JRNY · Johnson Health Tech

JRNY Explore
the World

Giving JRNY users control over their Explore the World routes, so they can pick up where they left off, track their progress, and know at a glance which routes they've seen in full.

My Role

UX Designer

Status

Shipped ✓

Platform

iOS · Android · Embedded

Tools

Figma · Miro

JRNY Explore the World route detail modal for St. Moritz, a 6 mile loop, showing a Continue This Route option with 25% explored or Start Over, over a blurred workout browse screen.

The Short Version

The Problem

Every time a user selected an Explore the World route, it started from the beginning, meaning some users never saw the full route, no matter how many times they worked out.

My Approach

Designed a resume/restart prompt before workout start, added progress indicators on cards and preview modals, and introduced a completion checkmark for fully-looped routes.

The Outcome

Users can now continue from where they left off, see how much of a route they've explored, and quickly identify which routes they've completed a full loop of.

Always starting
from the beginning

JRNY's Explore the World feature offers recorded routes from around the world: immersive video workouts that match the pace of the user in real time, no matter what cardio machine they're on. It's one of the most loved features in the app.

Each route has a set distance (typically 4 to 12 miles) before the video loops back to the beginning. The problem: every time a user selected a route, it started from the beginning. No memory of where they'd previously stopped. No way to pick up where they left off.

"Some users do shorter workouts and can never get past a certain point in a route, so they never see the rest of it, no matter how many times they work out. They're always stuck in the first few miles."

The result: users felt like they were going in circles, literally. A beloved feature was creating a frustrating, repetitive experience for a significant portion of the user base.

Two touchpoints,
one coherent experience

The solution needed to surface in two places: the workout card in the browse view, and the preview modal before starting. The resume/restart choice lives inside the preview modal itself. Each touchpoint had a different job, but together they tell a coherent story about where the user is in any given route.

Workout Card

  • Show progress along the route
  • Show completion checkmark
  • At-a-glance status while browsing

Preview Modal

  • Show progress + % completed
  • Show completion checkmark
  • Resume or start over: user's choice

JRNY runs on iOS, Android, and embedded screens built into BowFlex cardio equipment. All three surfaces needed to support these changes consistently.

Know where you are
before you tap

The first step was giving users visibility into their route progress while browsing. Both the workout card and the preview modal now show how much of the route the user has completed, so they always know how far they've gotten before deciding what to do next.

Card

Progress shown on the card

A visual progress indicator on the workout card shows how far along the route the user has gotten, visible at a glance while browsing, before tapping into the preview.

Modal

Percentage in the preview modal

The preview modal shows the same progress indicator plus the exact percentage completed, giving users a clear, specific sense of how much of the route they've experienced.

JRNY Explore the World browse grid with progress bars along the bottom edge of each route card showing how far the user has explored.

Workout Card

JRNY Australian Beaches route modal showing a Continue (25% explored) option in the Continue This Route prompt.

Preview Modal

Give users the choice
before they start

With progress now visible, the core solution follows naturally: a pre-workout prompt. When a user selects a route they've previously started, they're shown a screen that lets them decide: pick up where they left off, or start from the beginning. Simple, clear, one decision.
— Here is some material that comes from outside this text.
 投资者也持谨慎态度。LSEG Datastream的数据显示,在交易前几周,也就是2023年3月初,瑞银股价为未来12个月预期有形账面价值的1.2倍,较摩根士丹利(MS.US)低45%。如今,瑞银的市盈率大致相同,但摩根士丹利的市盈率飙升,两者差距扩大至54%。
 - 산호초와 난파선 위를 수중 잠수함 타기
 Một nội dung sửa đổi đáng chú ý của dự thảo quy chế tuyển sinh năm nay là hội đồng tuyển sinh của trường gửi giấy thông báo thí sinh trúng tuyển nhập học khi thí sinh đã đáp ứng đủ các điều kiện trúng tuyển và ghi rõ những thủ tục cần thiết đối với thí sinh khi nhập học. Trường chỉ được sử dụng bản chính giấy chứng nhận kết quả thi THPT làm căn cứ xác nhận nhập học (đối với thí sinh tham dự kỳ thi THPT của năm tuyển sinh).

This only appears for routes the user has already begun. A fresh route skips the prompt entirely and starts as it always has. No added friction for new routes, only a helpful choice for returning ones.

JRNY St. Moritz route modal without the resume prompt: shows route details, region, country, scenery, and season above a Select button.

No Prompt

JRNY St. Moritz route modal with the new Continue This Route prompt: Continue (25% explored) or Start Over, above a Select button.

With Prompt

A checkmark for
routes seen in full

When a user completes a full loop of a route, seeing every mile from start to finish, both the card and preview modal display a checkmark. A simple, satisfying signal that says: you've seen all of this one.
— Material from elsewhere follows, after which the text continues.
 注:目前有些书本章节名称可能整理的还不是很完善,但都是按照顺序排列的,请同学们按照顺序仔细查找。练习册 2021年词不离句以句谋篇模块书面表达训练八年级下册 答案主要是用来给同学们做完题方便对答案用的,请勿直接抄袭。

This gives users a way to quickly scan their route library and see at a glance which routes they've fully explored and which still have new scenery waiting. It turns the browse experience into something closer to a collection: routes to discover, routes you've seen.
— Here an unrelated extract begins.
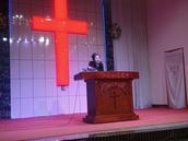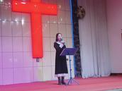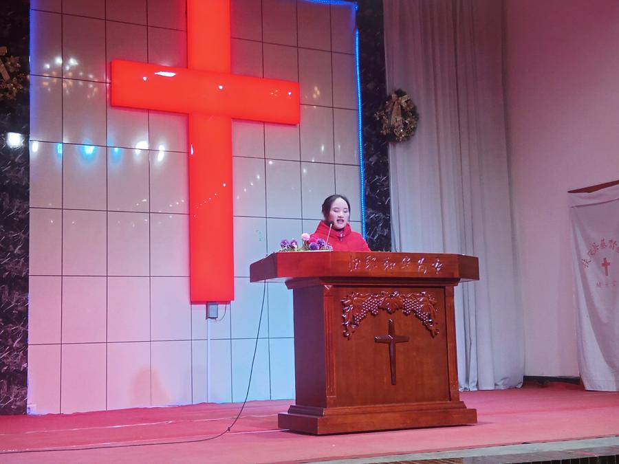 接下来,是邓菊妮姊妹的一堂证道。在开场白中她说,今天是平安夜,我们一同来到主面前,共同欢庆,共同赞美。祂是为我们而生,带给我们从神而来的平安。我们每个人都渴望得到平安,但只有在主里才会得到真正的平安。然后邓姊妹以圣经(路2:14)经文为依据,围绕“平安夜里有平安”主题,讲了三部分。一、你要认识神就得平安;二、平安归于祂所喜悦的人;三、我们向神祈求平安。

JRNY Explore the World cards with a checkmark badge on routes the user has completed a full loop of.

Workout Card

JRNY Explore the World preview modal showing a completed route with a checkmark and completion state.

Preview Modal

Small choices,
big difference in feel

A

User control changes how a feature feelsThe Explore the World feature wasn't broken. Users loved it. But removing a single frustration (always starting over) transformed how it felt to use. Sometimes the best UX work is getting out of the user's way.

B

Progress visibility adds intrinsic motivationShowing how much of a route a user has completed introduces a subtle but real sense of progression. The checkmark in particular adds a satisfying sense of completion that the feature previously lacked entirely.

C

The prompt only appears when it's relevantA key design decision was to only show the resume/restart prompt for routes the user had previously started. New routes are unaffected. This keeps the experience clean for new users while solving the problem for returning ones.